• [Exercise directions] Any picture in the listing is left out of the copy; all else is duplicated exactly.

• [Information provided]
━━━━━━
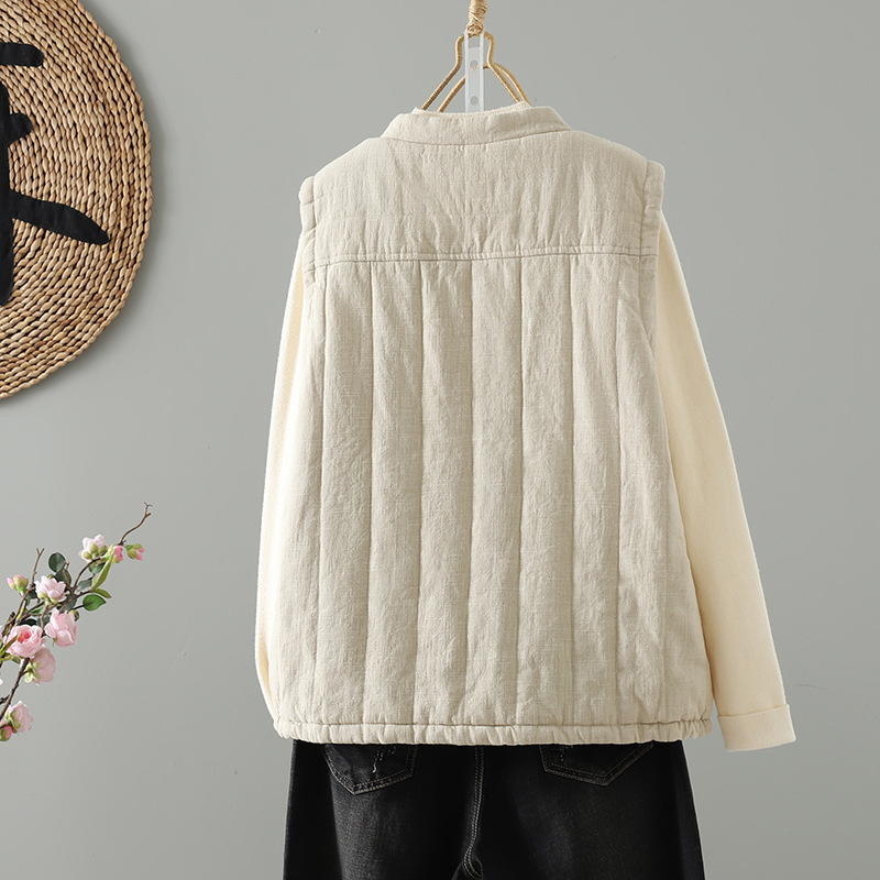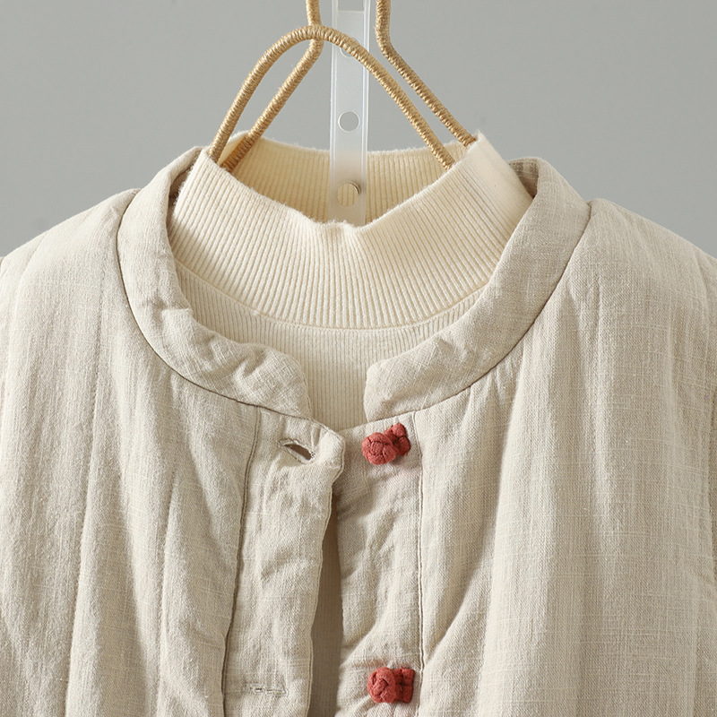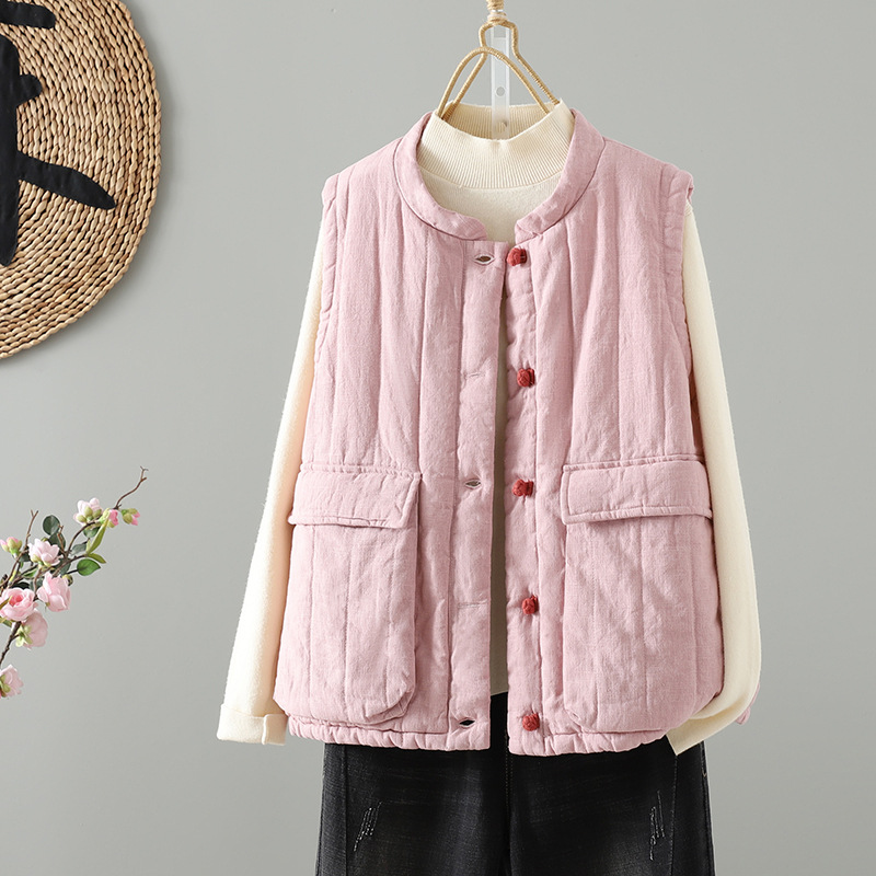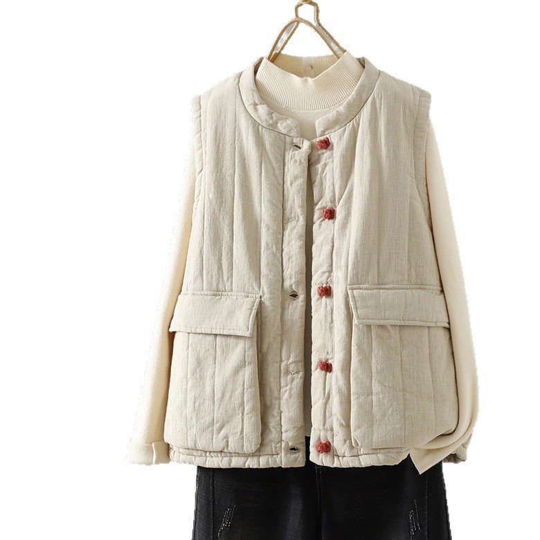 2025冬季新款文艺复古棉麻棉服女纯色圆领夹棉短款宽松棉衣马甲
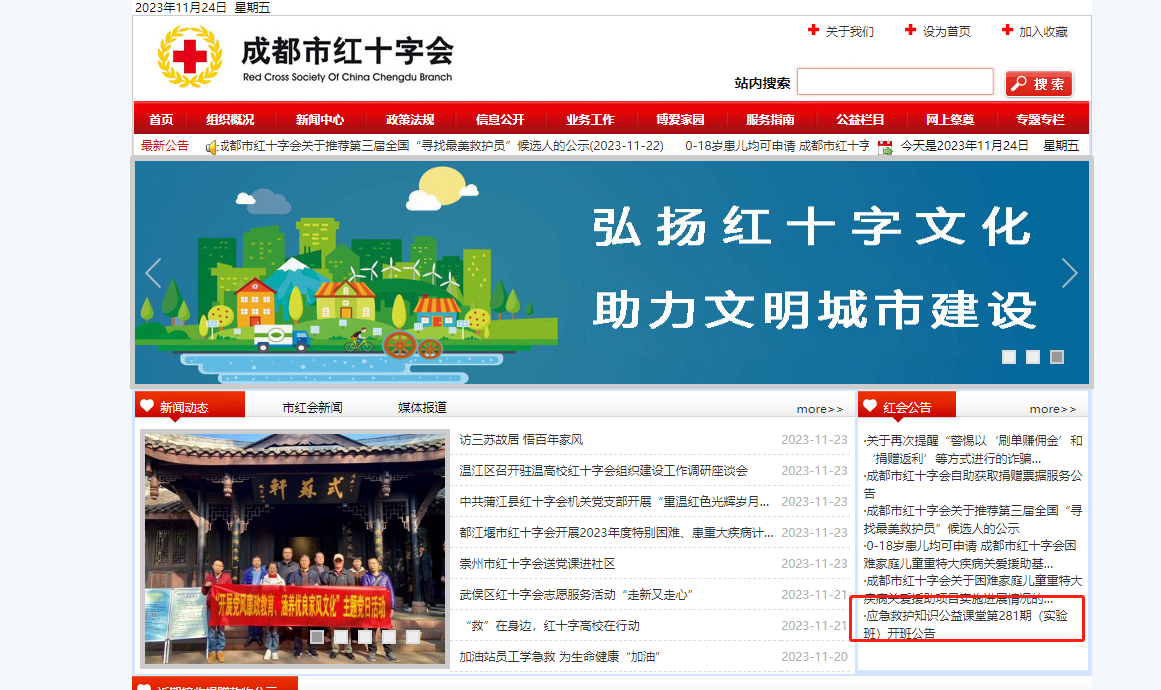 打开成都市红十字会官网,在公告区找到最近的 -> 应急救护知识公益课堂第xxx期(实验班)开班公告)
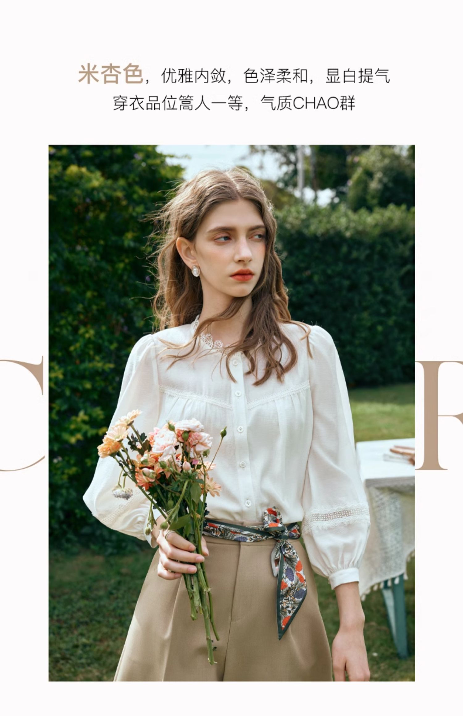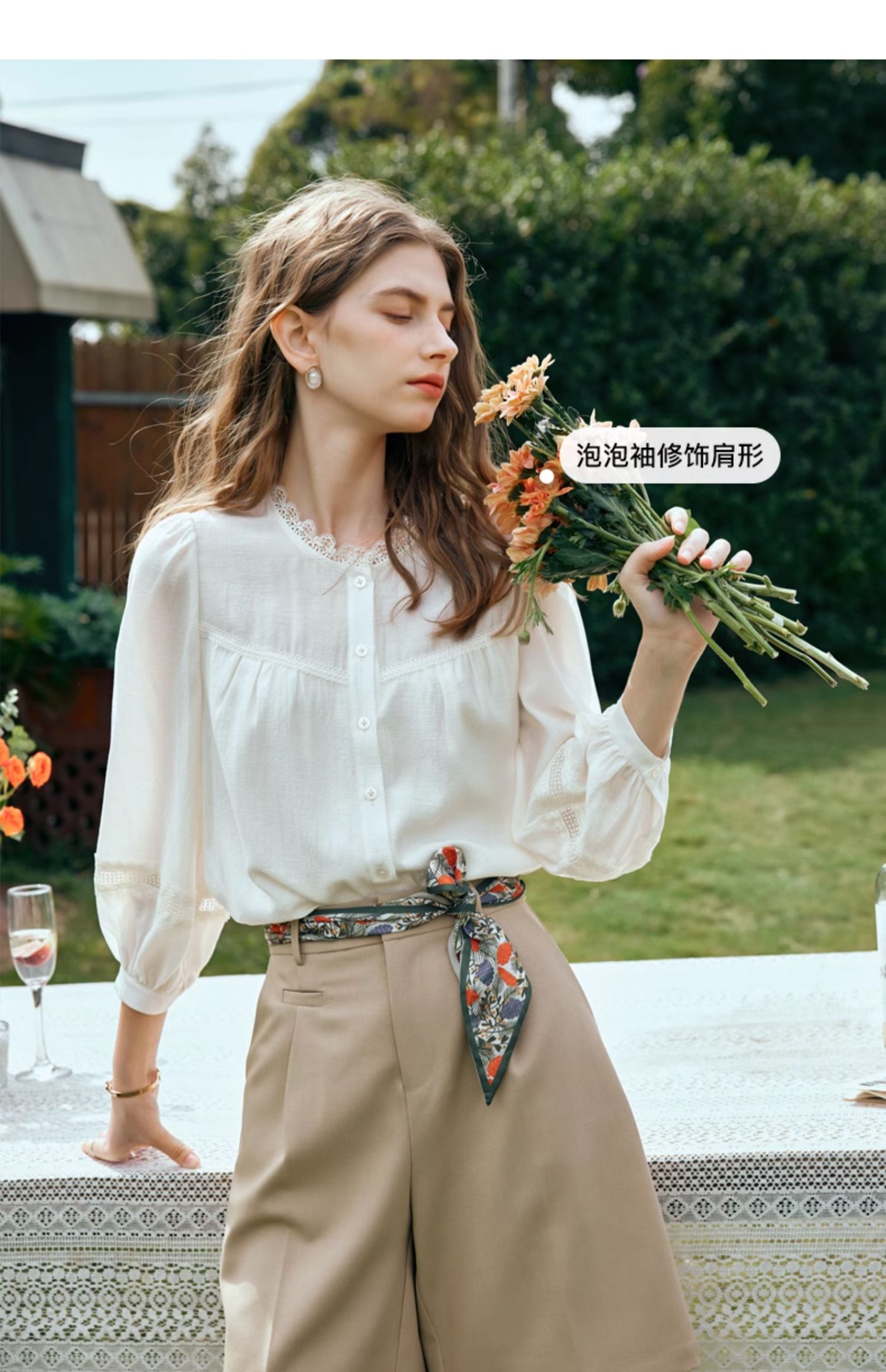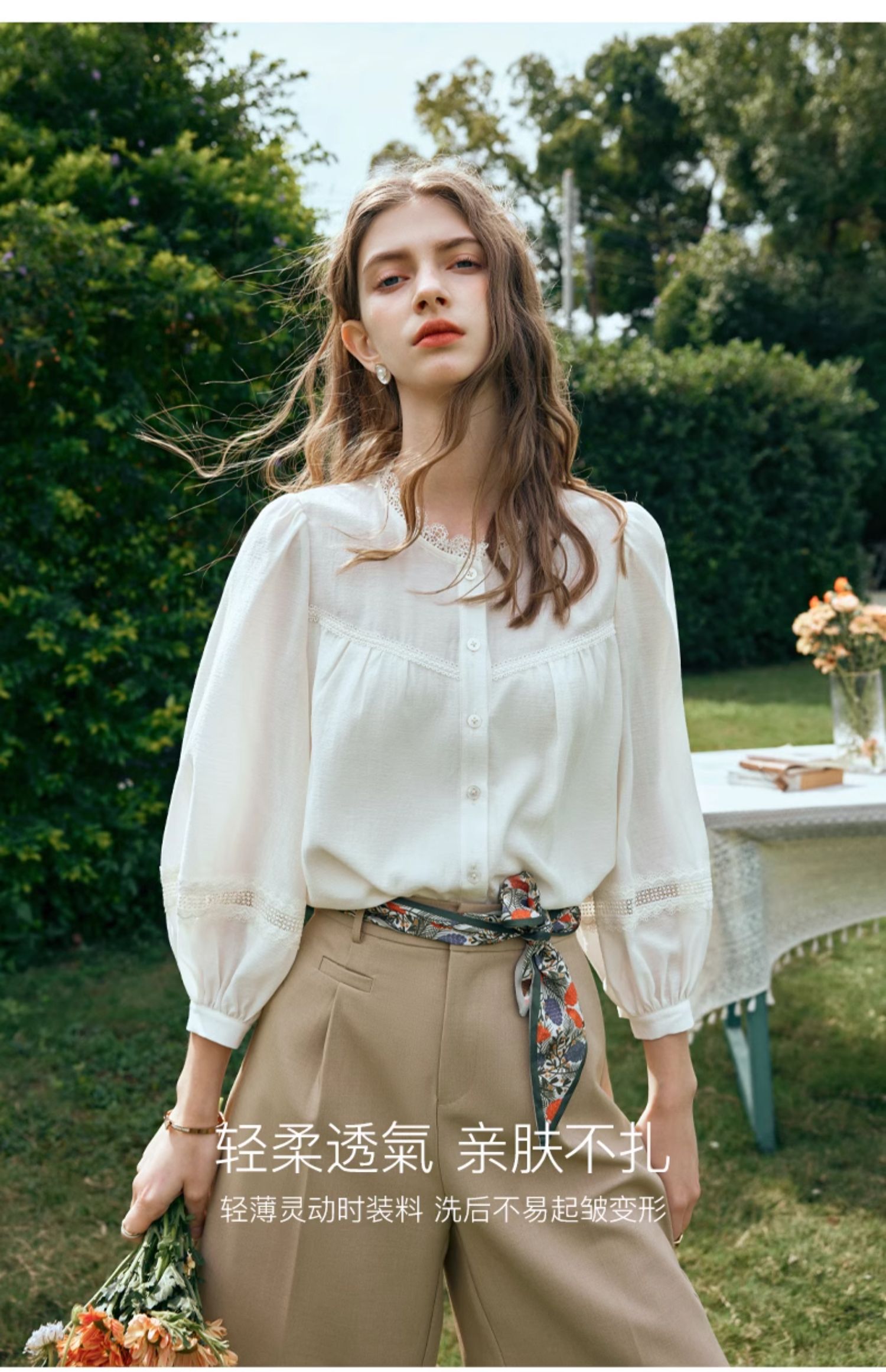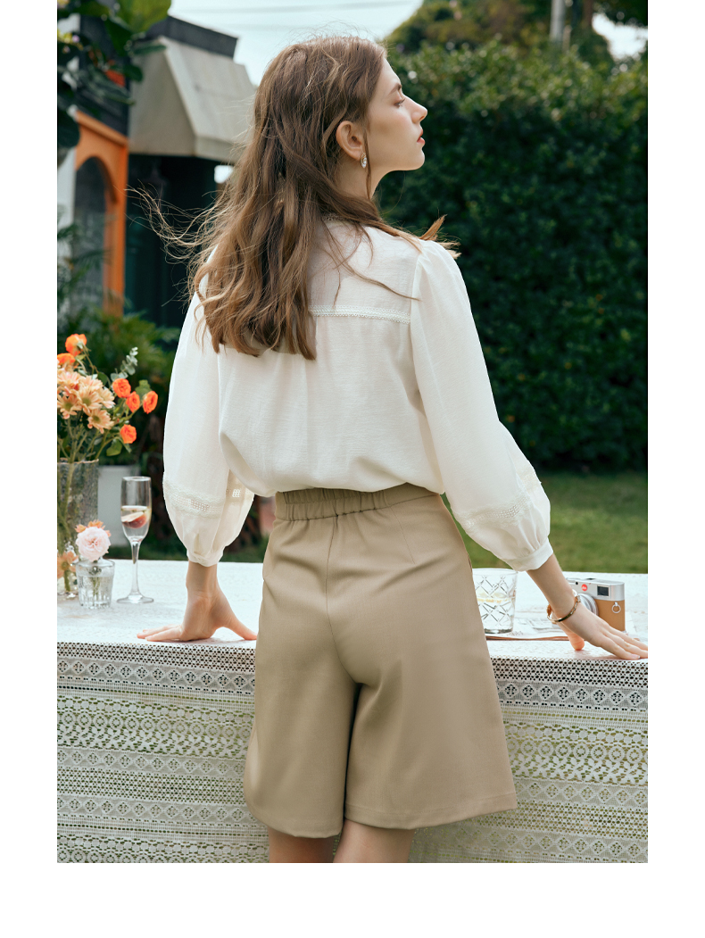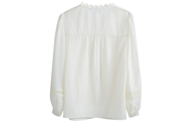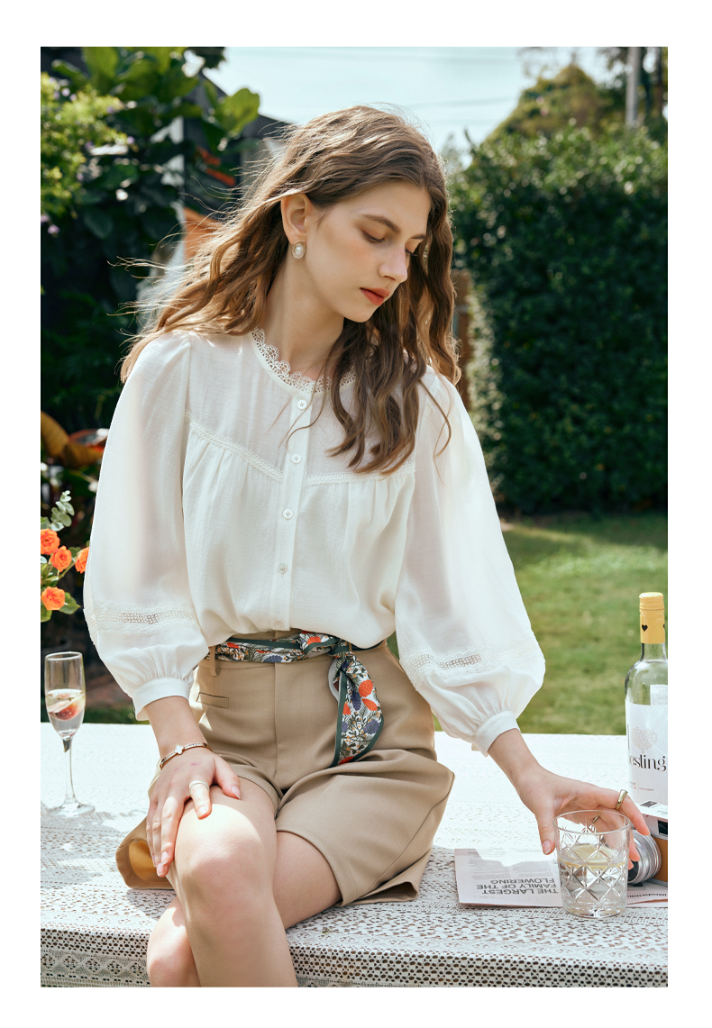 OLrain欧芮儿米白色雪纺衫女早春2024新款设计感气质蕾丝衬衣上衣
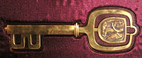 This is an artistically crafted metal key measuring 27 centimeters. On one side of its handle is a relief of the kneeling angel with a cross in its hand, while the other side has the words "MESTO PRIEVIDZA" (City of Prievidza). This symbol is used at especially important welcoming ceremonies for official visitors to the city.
━━━━━━
• [Written solution]
 2025冬季新款文艺复古棉麻棉服女纯色圆领夹棉短款宽松棉衣马甲
 打开成都市红十字会官网,在公告区找到最近的 -> 应急救护知识公益课堂第xxx期(实验班)开班公告)
 OLrain欧芮儿米白色雪纺衫女早春2024新款设计感气质蕾丝衬衣上衣
 This is an artistically crafted metal key measuring 27 centimeters. On one side of its handle is a relief of the kneeling angel with a cross in its hand, while the other side has the words "MESTO PRIEVIDZA" (City of Prievidza). This symbol is used at especially important welcoming ceremonies for official visitors to the city.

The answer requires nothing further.